→ **GOAL OF THE EXERCISE**:
Lower down are entries containing pictures. Copy exactly, without those pictures, the lines from the line with "- Размеры мойки: 540х440х200 мм." through the line with "Cuando vieron los".

[Data extracted from a collection]
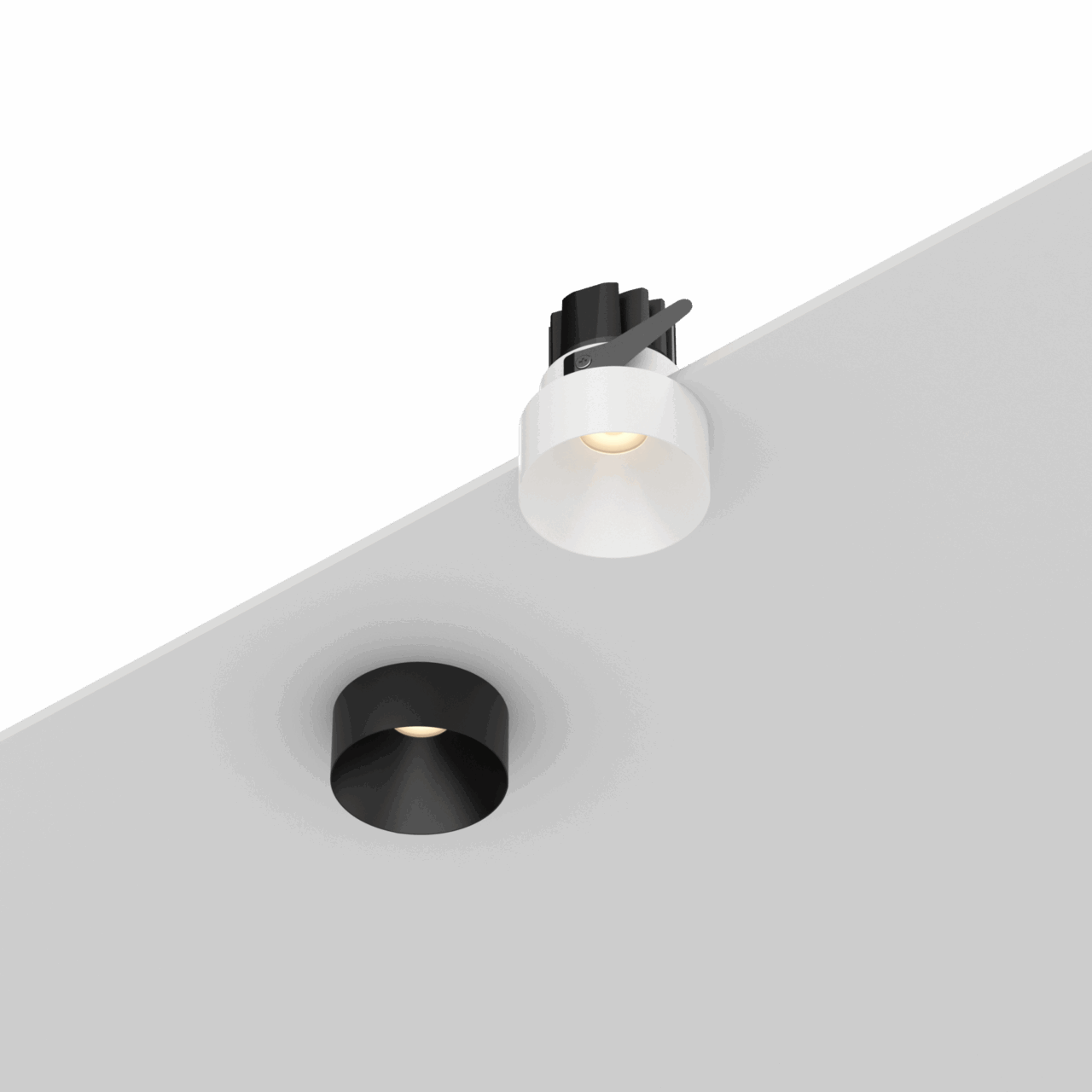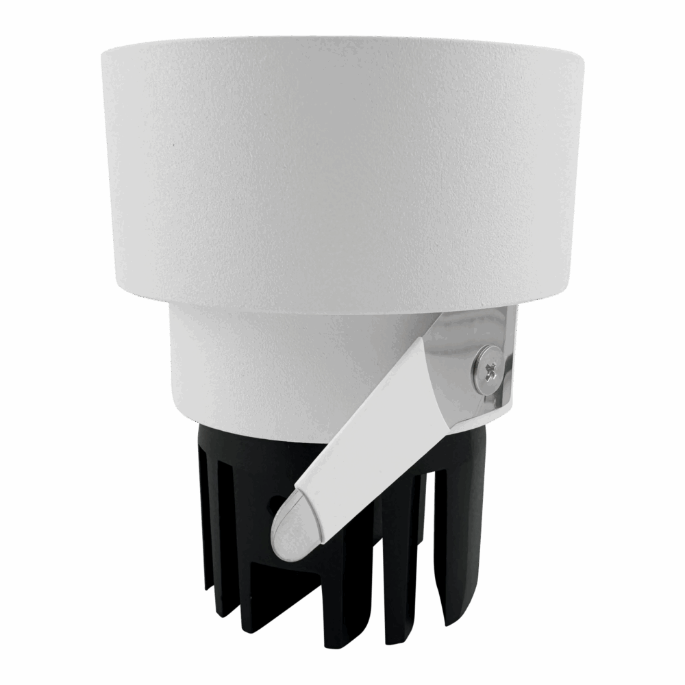 White recessed anti-glare LED downlight with black heat sink for ceiling lighting
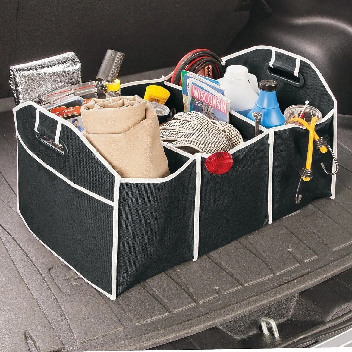 With three sections for groceries auto supplies sports gear picnic fare and more the durable car trunk organizer features two side pockets for smaller items plus side handles for easy toting.
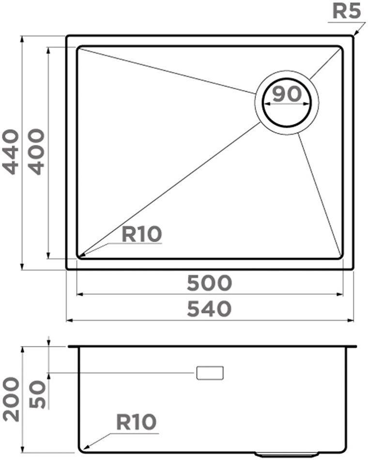 - Размеры мойки: 540х440х200 мм.
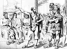 Cuando vieron los atenienses a los bárbaros subidos a la plaza, echándose los unos cabeza abajo desde los muros, perecieron despeñados, y los otros se refugiaron al templo de Atenea. La primera diligencia de los persas al acabar de subir, fue encaminarse hacia la puerta del templo, y abierta pasar a cuchillo a todos aquellos refugiados. Degollados todos y tendidos, saquearon el templo y entregaron a las llamas la ciudadela entera.
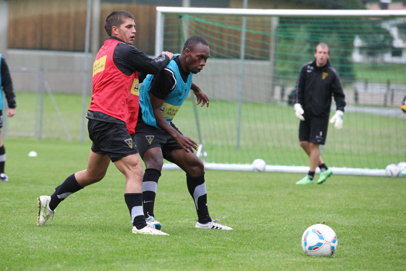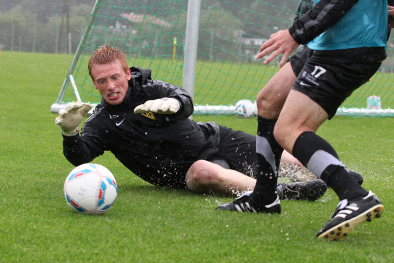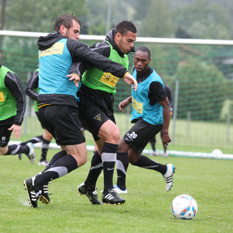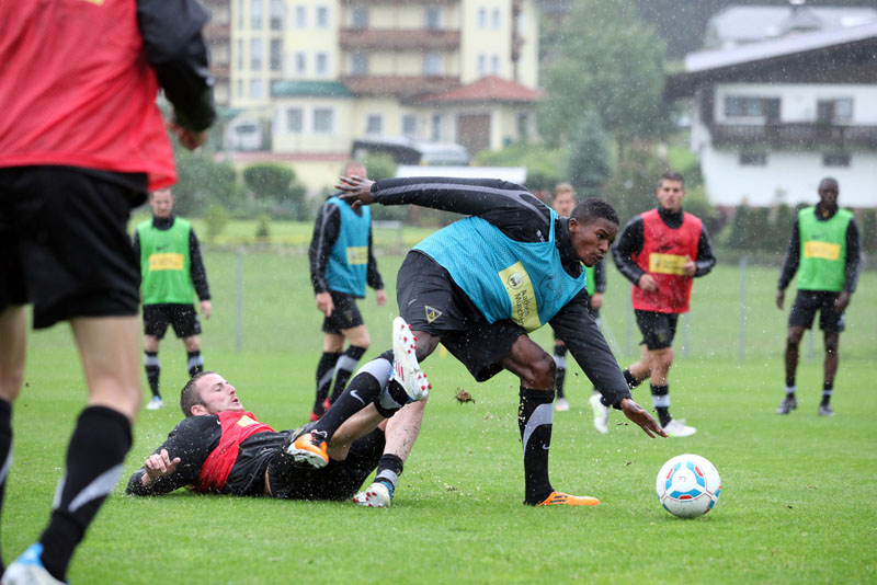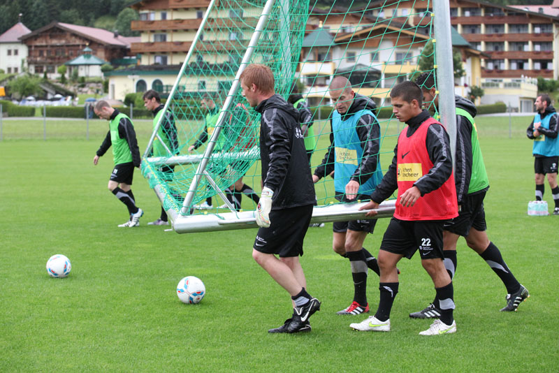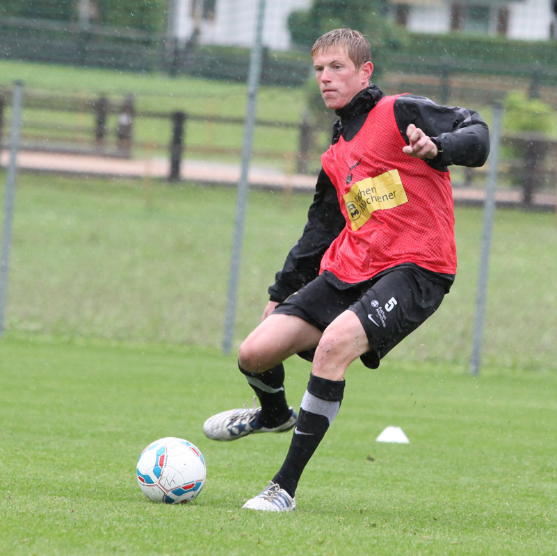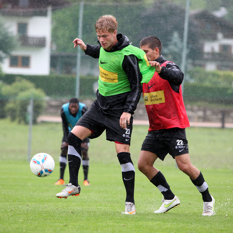 Jetzt rackert der schnelle Stürmer problemlos durch den Matsch. „Ich bin zunächst einmal froh, dass ich schmerzfrei durch den Tag komme – vom Muskelkater abgesehen. Aber das sind Schmerzen, die ich gerne in Kauf nehme“, sagt Bäcker. Einen gewissen Rückstand macht er selbst noch aus, was durchaus normal ist. Jeder Trainingstag verkleinert aber die Lücke zu den Kollegen. Was Bäcker bereits geschafft hat, rückt auch bei Kevin Kratz näher. Rekordverdächtige sieben Tage nach seiner Leisten-Operation traf der Mittelfeldspieler am Donnerstag am Walchsee ein und trainierte mit den leicht angeschlagenen Shervin Radjabali-Fardi und Jonas Strifler.

→ **TASK RESULT**:
 - Размеры мойки: 540х440х200 мм.
 Cuando vieron los atenienses a los bárbaros subidos a la plaza, echándose los unos cabeza abajo desde los muros, perecieron despeñados, y los otros se refugiaron al templo de Atenea. La primera diligencia de los persas al acabar de subir, fue encaminarse hacia la puerta del templo, y abierta pasar a cuchillo a todos aquellos refugiados. Degollados todos y tendidos, saquearon el templo y entregaron a las llamas la ciudadela entera.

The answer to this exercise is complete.